In my experience the absolute worst case scenario in terms of code readability (assuming you haven't hired anyone completely incompetent) is when your dev team is twisting themselves in knots trying to adhere to linter rules when they should just trust their instincts about what is readable and what is not.
Having a standard style is valuable precisely because it's a waste of time to debate or care about this sort of thing. The value of being strict is that tools can do a strict formatting automatically with zero human input.
In other words, for this sort of style stuff, a formatter that everyone uses is much better than either a linter or a "trust your instincts" approach.
I can't upvote this enough.
We decided to go with a given set of rules for linting at the project start and problems due to limitations by the linter have been extremely rare, in which case we've updated the rules because we can motivate a change.
Of course, a tool like 'go fmt' is far superior to common linters, as most third party packages look the same as your own code.
> If the original title begins with a number or number + gratuitous adjective, we'd appreciate it if you'd crop it. E.g. translate "10 Ways To Do X" to "How To Do X," and "14 Amazing Ys" to "Ys." Exception: when the number is meaningful, e.g. "The 5 Platonic Solids."
> Otherwise please use the original title, unless it is misleading or linkbait.
If it needs to be done, and you are going to do it, then don't pollute the code base with your personal TODOs. I shouldn't see it, because it should be done by the time I get to it. If you want to put it in the code base, at least put your name in the TODO, so I know who to contact and remind that something was missed.
If there is something that needs to be done and you are not going to do it -- the code is the worst place to put it. Basically, what you are saying is that you have a design in mind and want someone else to finish it. If you really can't trust your coworkers to refactor the code and build good designs on their own, use a different communication mechanism. The better thing is to forget about your long term plans, leave the code as simple as you can and trust your coworkers.
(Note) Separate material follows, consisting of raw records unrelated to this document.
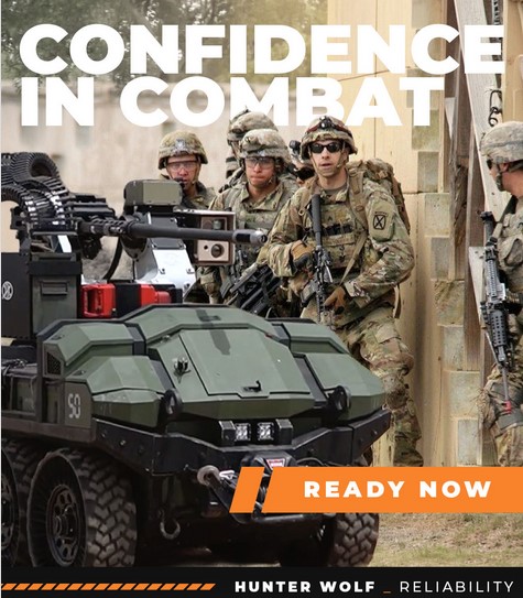 На навчаннях шестиколісний робот Hunter Wolf забезпечував логістичну та охоронну підтримку солдатів. Він оснащений дистанційно керованим великокаліберним кулеметом, що вказує на його ширшу функцію на полі бою. Безпілотна роботизована платформа може не перевозити вантажі, але також вести вогонь і займатися розвідкою.
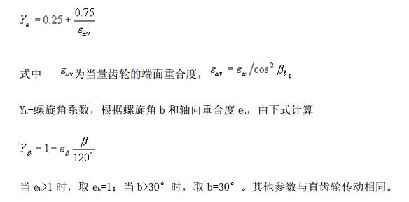 式中 YFa-齒形系數,按當量齒數 ,由圖外齒輪的齒形系數 YFa查取; YSa-應力修正系數,按當量齒數 ,由圖應力修正系數 YSa查取; Ye-重合度系數,根據端面重合度系數 和軸向重合度 ,由上式計算 ……
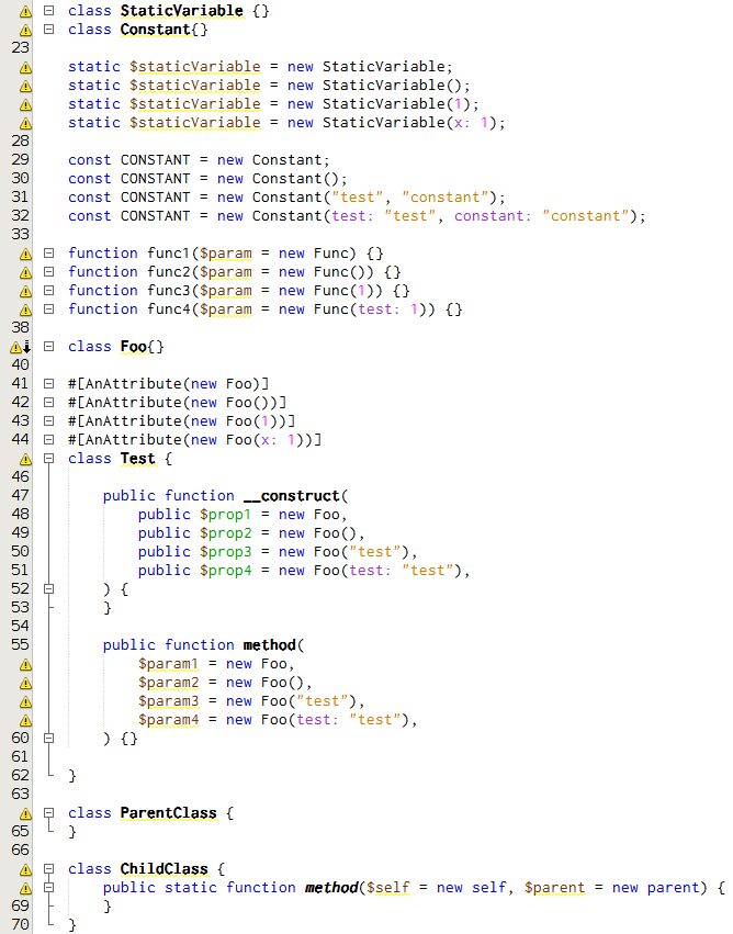 - https://issues.apache.org/jira/browse/NETBEANS-5599 - RFC:https://wiki.php.net/rfc/new_in_initializers - Fix PHP81UnhandledError #### Screenshots PHP 8.1  PHP 8.0  -- This is an automated message from the Apache Git Service. To respond to the message, please log on to GitHub and use the URL above to go to the specific comment. To unsubscribe, e-mail: [email protected] For queries about this service, please contact Infrastructure at: [email protected] --------------------------------------------------------------------- To unsubscribe, e-mail: [email protected] For additional commands, e-mail: [email protected] For further information about the NetBeans mailing lists, visit: https://cwiki.apache.org/confluence/display/NETBEANS/Mailing+lists

MySQL doesn't throw an exception or write to an error log when a query matches zero rows, seems silly to throw jQuery under the bus because the programmer doesn't understand a library.
More important than any of these tips is how to factor code so that it can combine in compact ways without multiplicative complexity with each option added. Without that continuing along any path will lead to an unmaintainable mess.
But the question is: what if you consistently write poor code even when rewriting? Doing something again and again with no change is called insanity :)
Wow, that first link just seems like they're being incredibly pedantic. I seem to remember similar issues with Psychology Today previously, meh. None of these pop-psych rags are particularly good.
Some random thoughts:
#1 Anyone who has worked on a large code base knows it's littered with TODO comments. Either do it or don't do it.
#3 Yet again half of Knuth's quote. If performance matters don't wait. If it doesn't then it doesn't. But after the fact optimization rarely happens, is more expensive and won't get you there. Don't do unnecessary optimization at the end of the project and don't them them in the beginning either. The necessary ones need to be thought out in advance (choice of right data structure, algorithms, tools) and are difficult to change after the fact.
#4 Arguing about style isn't a good use of time. There has to be some measure of consistency/coherence in a code base but it's easy to take too far.
#7 There's a fine line between a best practice and a cargo cult. Don't do something just because it's a best practice. Do it because you understand the relationship between the practice, the circumstances, and the results.
#17 There's a positive side to personal attachment to the code. You care about it. Also did #34 just state the opposite?